Some nights Annabeth woke up, crying out and shaking. Percy was there, every time. He leaned over her bunk and held her hand and stroked her hair.
Aware that her cabin mates were watching with concern, Annabeth buried her tear-glazed face in her pillow and tried to pull herself together.
You can't fall apart, she reminded herself. People look to you.
During the day Percy respected her space, but she noticed that he stuck close whenever possible, gravitating slightly closer whenever someone approached.
She remembered that he was fighting his own nightmares, though he didn't like attention drawn to them. Unlike her, he had no half-siblings who could run and get someone to help him through his dreams.
At times she remembered his rage. The way he'd slashed through Arachne before Annabeth had even properly realized she was there.
She'd seen that glint in his eyes for a second, and then it was gone as Percy capped his pen and commented that the spider had deserved worse for what she had done.
Annabeth had let it go.
Was it her imagination, or… did she still see that glint on occasion?
A first-year camper had spoken unexpectedly the other day, standing behind him — she'd grabbed his arm as he gripped his pen — felt the muscles relax as he recognized what had happened — seen the troubled look on his face as he turned away from the startled camper —
She watched him train, and at times she thought she saw a shadow of that glint. She always looked away.
They fought as a team sometimes during the training and games held at camp, but they no longer sparred each other. Annabeth had felt some echo of a strange fear in her stomach the last time — what was it from? She rubbed her forehead, looking absently into space as her cabin mates climbed into their bunks and turned out the lights. What couldn't she remember? When had she ever been afraid of Percy?
Annabeth snapped her laptop shut and laid straight back on her bunk. She wondered at the feeling of warning in the corner of her brain as she drifted off. Her fingers curled around the piece of red coral that hung from her camp necklace.
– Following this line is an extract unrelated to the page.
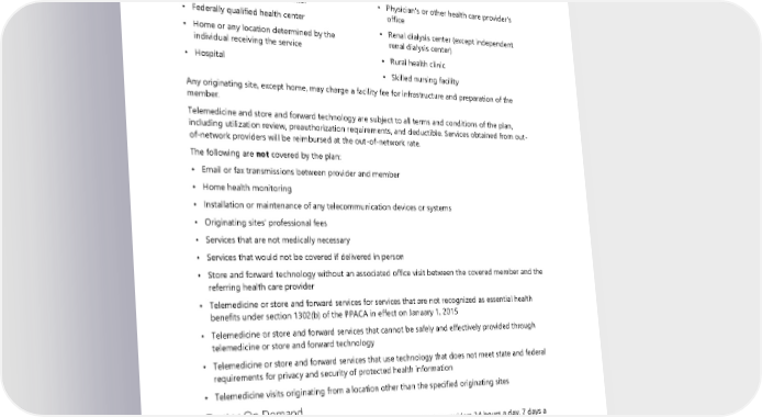 If services are provided through store and forward technology, there must be an associated office visit between the covered person and the referring health care provider. The associated office visit may be in person or via telemedicine. For audio-only telemedicine, the member must have an established relationship with the provider. The originating site (the member’s physical location) for telemedicine services must be one of the following sites: • Community mental health center • Physician's or other health care provider's • Federally qualified health center office • Home or any location determined by the • Renal dialysis center (except independent individual receiving the service renal dialysis center) • Hospital • Rural health clinic • Skilled nursing facility Any originating site, except home, may charge a facility fee for infrastructure and preparation of the member. Telemedicine and store and forward technology are subject to all terms and conditions of the plan, including utilization review, preauthorization requirements, and deductible. Services obtained from out- of-network providers will be reimbursed at the out-of-network rate. The following are not covered by the plan: • Email or fax transmissions between provider and member • Home health monitoring • Installation or maintenance of any telecommunication devices or systems • Originating sites’ professional fees • Services that are not medically necessary • Services that would not be covered if delivered in person • Store and forward technology without an associated office visit between the covered member and the referring health care provider • Telemedicine or store and forward services for services that are not recognized as essential health benefits under section 1302(b) of the PPACA in effect on January 1, 2015 • Telemedicine or store and forward services that cannot be safely and effectively provided through telemedicine or store and forward technology • Telemedicine or store and forward services that use technology that does not meet state and federal requirements for privacy and security of protected health information • Telemedicine visits originating from a location other than the specified originating sites Doctor On Demand Doctor On Demand is a virtual care service that gives you access to providers 24 hours a day, 7 days a week. It is a good option to consider when you need medical attention, but not emergency room or urgent care. Doctor On Demand providers are board-certified, U.S.-based providers who are specifically trained in video medicine. Members can connect in minutes with doctors face-to-face through a smartphone, tablet, or computer via the website or Doctor On Demand smartphone application. To learn more, visit the Telemedicine (virtual care) webpage at ump.regence.com/pebb/benefits/telemedicine. 78 2024 UMP CDHP (PEBB) Certificate of Coverage

The air was humid and foul-smelling. The light was weak and Annabeth strained to see. Wispy white mist swirled around her. She stood near a cliff, above an expanse of inky blackness like something she'd seen only once before.
Annabeth turned away from it. Her insides immediately clenched.
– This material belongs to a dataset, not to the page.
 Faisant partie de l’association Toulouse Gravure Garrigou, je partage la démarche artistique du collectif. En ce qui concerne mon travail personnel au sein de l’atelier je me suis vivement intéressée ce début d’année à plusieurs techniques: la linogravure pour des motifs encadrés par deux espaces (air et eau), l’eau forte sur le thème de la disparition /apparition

She was looking at Percy's corpse. Folds of drakon skin hung from his skeletal frame. Colorful liquid rushed away from him at his will, little waves lapping at the ground around a terrified goddess with clawed cheeks and leathery skin. Akhlys wailed as the poison drew closer. She had nowhere to escape to.
Was Percy grinning, or was that the corpse's skull showing through his translucent skin?
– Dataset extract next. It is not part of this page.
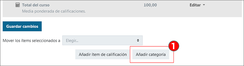 Después de guardar esta configuración, se vuelve al apartado “Configuración Calificaciones” y en la parte inferior pulsa sobre “Añadir categoría” (1).

His eyes were horribly dead, though unmistakably alive. And the glint —
— Annabeth's foot nearly slipped off the precipice, and she realized how far she'd backed away.
From him.
"Percy!" she yelled. Percy, please hear me. Listen.
He looked at her. He saw her. He was there.
"Stop…" she said hoarsely, helplessly.
There was nothing more she could do but watch him turn back toward Misery. He was so clearly still angry, and yet conflicted...
"Percy, please…"
She waited — she pleaded — Please listen, Percy —
She woke —
She cried out, she shook.
Her cabin mates were surrounding her, a few were talking to her with calming voices —
There was Percy, his expression soft —
She was so glad to see him, but that fear —
Percy reached for her hand —
She flinched.
She thought, as she buried her face in her pillow to hide fresh tears, that no look in his eyes had ever cut her as deep as that one.